(Collected data entries)
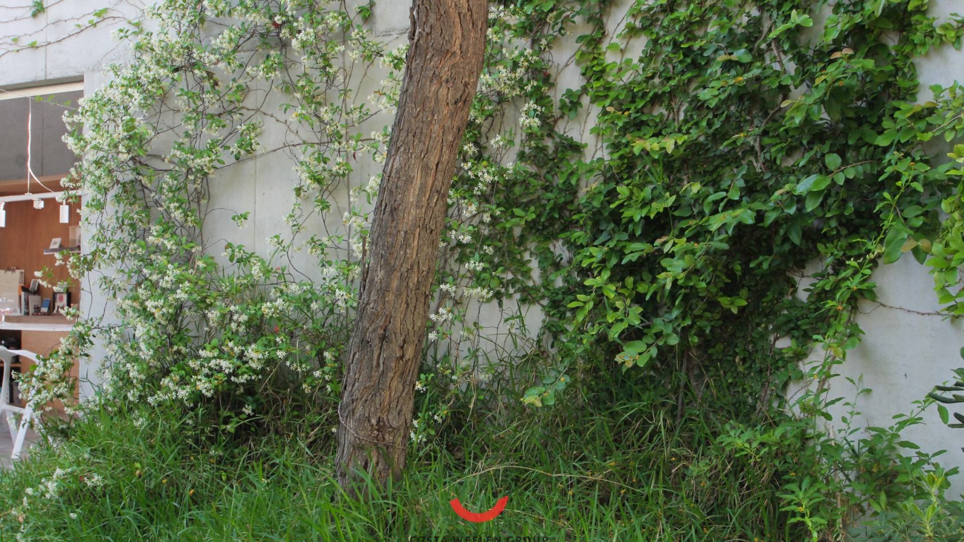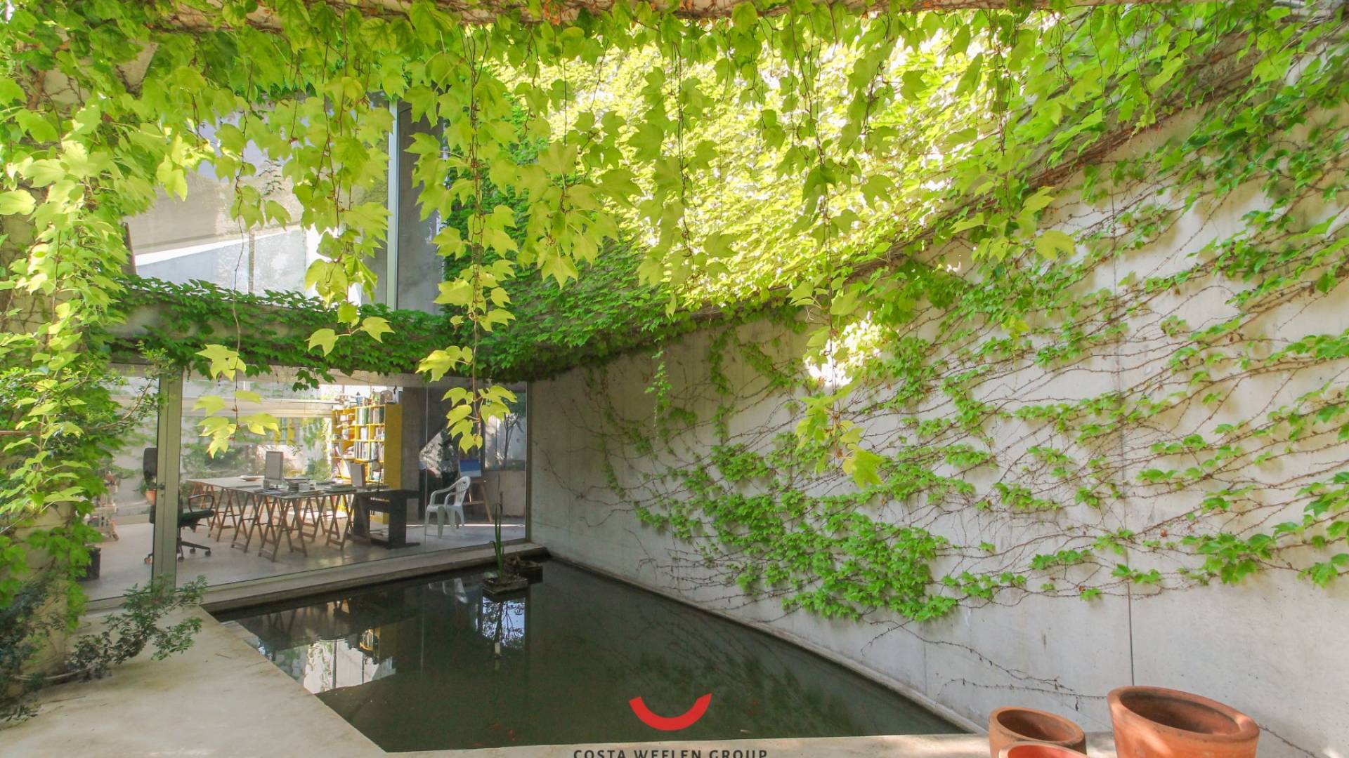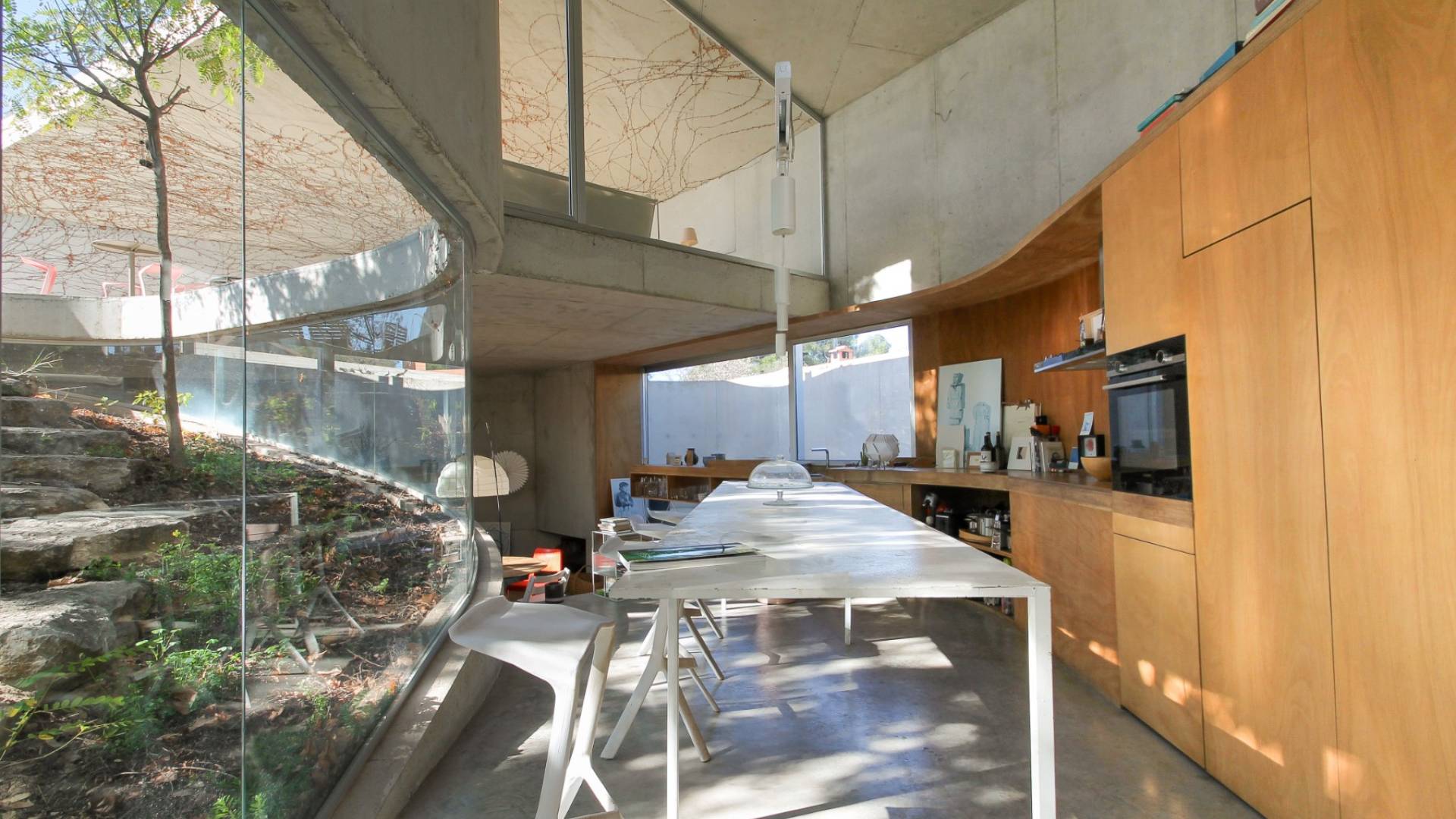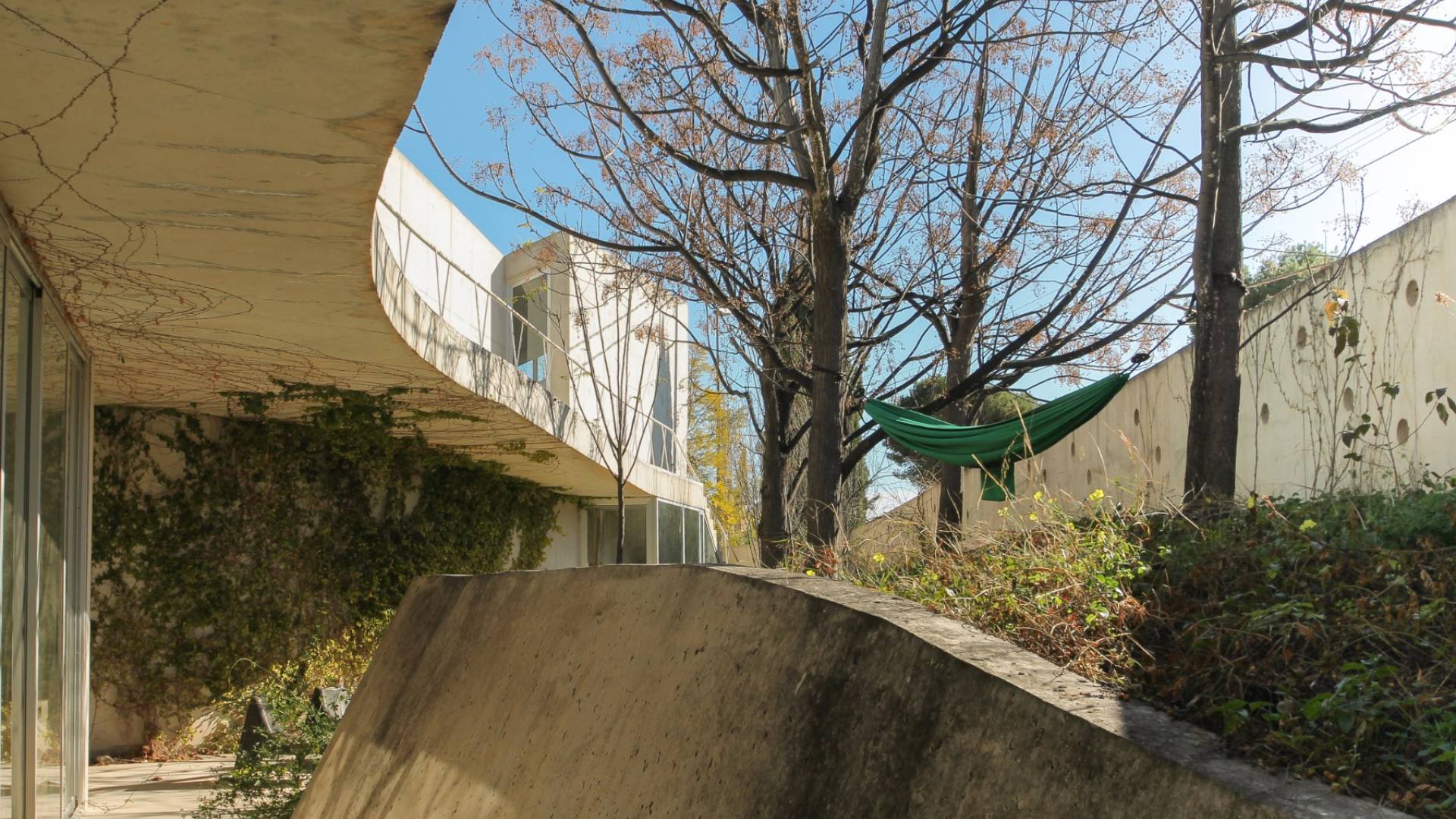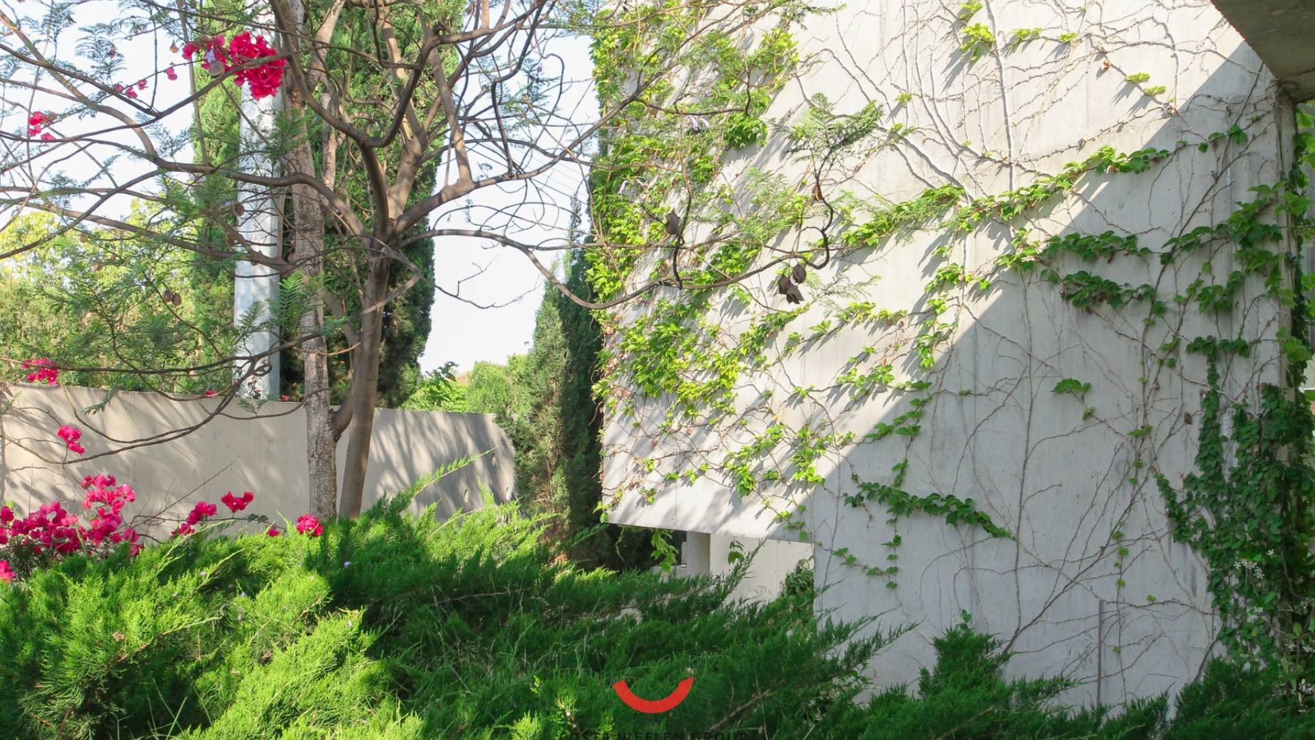 La arquitectura se adapta orgánicamente a los límites de la parcela, configurando su forma a través de muros que delinean el espacio y generan una conexión fluida entre el interior y el exterior. A través de una serie de patios, la distribución de los espacios se articula de manera natural, transformando la vivienda en un jardín habitable. Los muros de hormigón desnudo, en espera de ser conquistados por la vegetación, refuerzan esta fusión entre arquitectura y naturaleza.
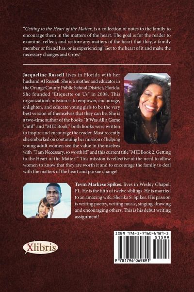 "Getting to the Heart of the Matter, is a collection of notes to the family to encourage them in the matters of the heart. The goal is for the reader to examine, reflect, and restore any matters of the heart that they, a family member or friend has, or is experiencing! Get to the heart of it and make the necessary changes and Grow!
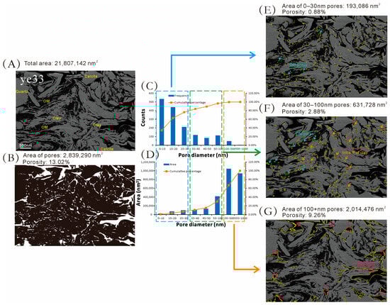 (A) SEM image of the ye33 sample; (B) Binarized images for pore recognition; (C) Distribution of pore counts by statistics from (B); (D) distribution of pore volume by statistics from (B); (E) Features of pores in 0–30 nm, (F) Features of pores in 30–100 nm and (G) Features of pores in 100+ nm.
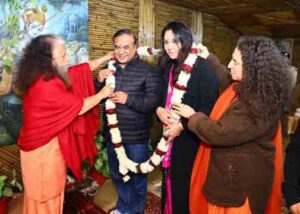 स्वामी जी और साध्वी जी ने माननीय मुख्यमंत्री असम श्री हेमन्त बिश्वा सरमा जी और उनकी धर्मपत्नी रिनिकी भूया सरमा जी को रूद्राक्ष की दिव्य माला, रूद्राक्ष का पौधा और श्री गणेश जी की प्रतिमा और परमार्थ निकेतन का सद्साहित्य किया भेंट।
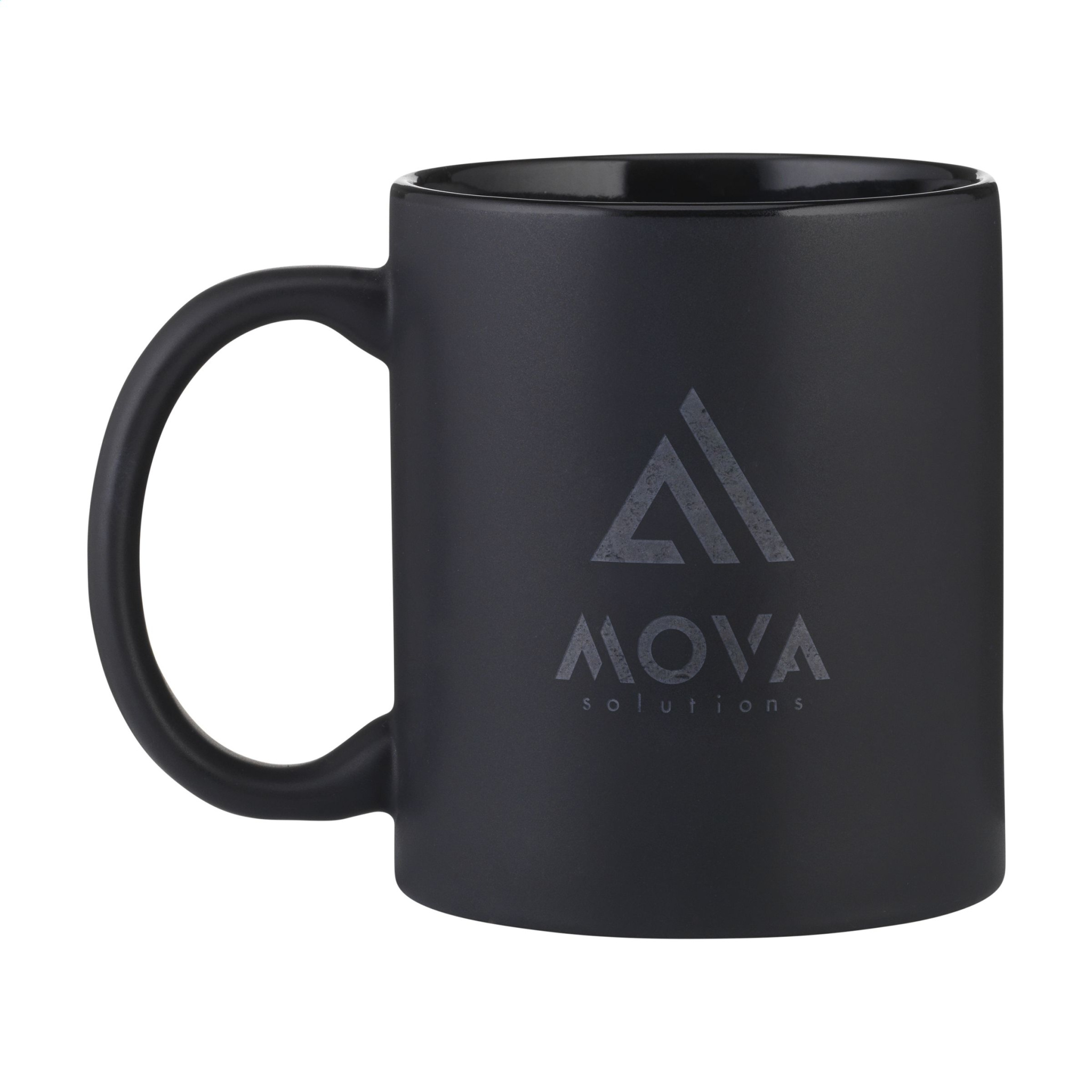 Высококачественная керамическая кружка с матово-черной внешней поверхностью и глянцево-черной внутренней поверхностью. Можно мыть в посудомоечной машине. Печать протестирована и сертифицирована в посудомоечной машине: EN 12875-2. Емкость 350 мл.
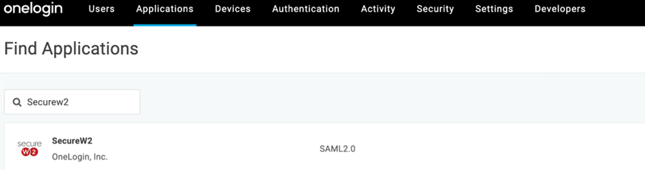 - In the search field, enter SecureW2 and select the SAML 2.0 app connector.
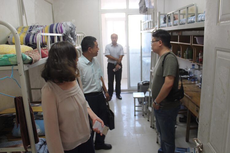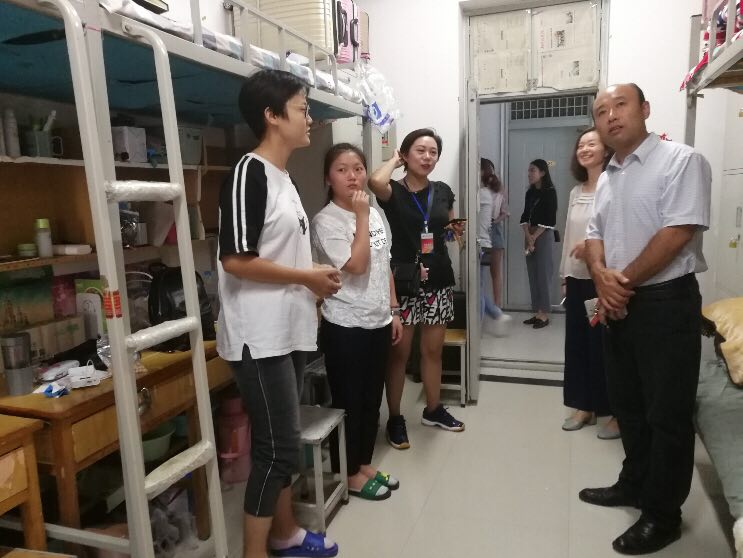 9月9日17时,开云kaiyun官方网站党总支书记王在钦、开云kaiyun官方网站主任田秀群、党总支副书记贾艳艳、团总支书记韩飞、18级新生辅导员李巍然、王霜、李好敏以及助理班主任等一行人来到新生宿舍,看望新生,王书记、田院长代表院系领导老师对新生的到来致以问候,贾书记也不忘嘱咐大家用电用水安全、拒绝推销、防止电信诈骗等相关安全注意须知。
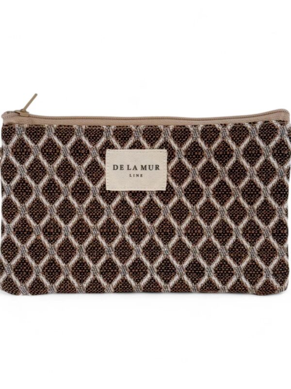 Monedero, tamaño medio, con cierre superior con cremallera. Modelo confeccionado con tejido grueso de jacquard con estampado geométrico marrón. Ideal para llevar cualquier cosita y no perderla dentro del bolso como pintalabios, tiritas, pastillas, etc.. Confeccionado con telas nacionales.
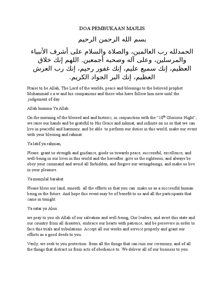 Retrieved from notakuliahsmp etika dalam majlis. Raja ahmad talmizi raja abdullah: Dengan berdoa sebelum pembukaan majelis, kita berharap kepada allah swt untuk senantiasa merahmati, meridhoi acara kita. Doa doa di kantor, contoh pembukaan sosialisasi, doa acara resmi bahasa arab, doa buka majelis innalhamdalillah, doa pembuka 1 dan 2. Bacaan doa penutup untuk acara formal resmi pdf.
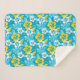 Blue Hawaiian Hibiscus Floral Pattern Sherpa Blanket

## HOW TO COMPLETE THIS TASK:
For the records above, give every line again exactly and skip the pictures.

## RESULT:
 La arquitectura se adapta orgánicamente a los límites de la parcela, configurando su forma a través de muros que delinean el espacio y generan una conexión fluida entre el interior y el exterior. A través de una serie de patios, la distribución de los espacios se articula de manera natural, transformando la vivienda en un jardín habitable. Los muros de hormigón desnudo, en espera de ser conquistados por la vegetación, refuerzan esta fusión entre arquitectura y naturaleza.
 "Getting to the Heart of the Matter, is a collection of notes to the family to encourage them in the matters of the heart. The goal is for the reader to examine, reflect, and restore any matters of the heart that they, a family member or friend has, or is experiencing! Get to the heart of it and make the necessary changes and Grow!
 (A) SEM image of the ye33 sample; (B) Binarized images for pore recognition; (C) Distribution of pore counts by statistics from (B); (D) distribution of pore volume by statistics from (B); (E) Features of pores in 0–30 nm, (F) Features of pores in 30–100 nm and (G) Features of pores in 100+ nm.
 स्वामी जी और साध्वी जी ने माननीय मुख्यमंत्री असम श्री हेमन्त बिश्वा सरमा जी और उनकी धर्मपत्नी रिनिकी भूया सरमा जी को रूद्राक्ष की दिव्य माला, रूद्राक्ष का पौधा और श्री गणेश जी की प्रतिमा और परमार्थ निकेतन का सद्साहित्य किया भेंट।
 Высококачественная керамическая кружка с матово-черной внешней поверхностью и глянцево-черной внутренней поверхностью. Можно мыть в посудомоечной машине. Печать протестирована и сертифицирована в посудомоечной машине: EN 12875-2. Емкость 350 мл.
 - In the search field, enter SecureW2 and select the SAML 2.0 app connector.
 9月9日17时,开云kaiyun官方网站党总支书记王在钦、开云kaiyun官方网站主任田秀群、党总支副书记贾艳艳、团总支书记韩飞、18级新生辅导员李巍然、王霜、李好敏以及助理班主任等一行人来到新生宿舍,看望新生,王书记、田院长代表院系领导老师对新生的到来致以问候,贾书记也不忘嘱咐大家用电用水安全、拒绝推销、防止电信诈骗等相关安全注意须知。
 Monedero, tamaño medio, con cierre superior con cremallera. Modelo confeccionado con tejido grueso de jacquard con estampado geométrico marrón. Ideal para llevar cualquier cosita y no perderla dentro del bolso como pintalabios, tiritas, pastillas, etc.. Confeccionado con telas nacionales.
 Retrieved from notakuliahsmp etika dalam majlis. Raja ahmad talmizi raja abdullah: Dengan berdoa sebelum pembukaan majelis, kita berharap kepada allah swt untuk senantiasa merahmati, meridhoi acara kita. Doa doa di kantor, contoh pembukaan sosialisasi, doa acara resmi bahasa arab, doa buka majelis innalhamdalillah, doa pembuka 1 dan 2. Bacaan doa penutup untuk acara formal resmi pdf.
 Blue Hawaiian Hibiscus Floral Pattern Sherpa Blanket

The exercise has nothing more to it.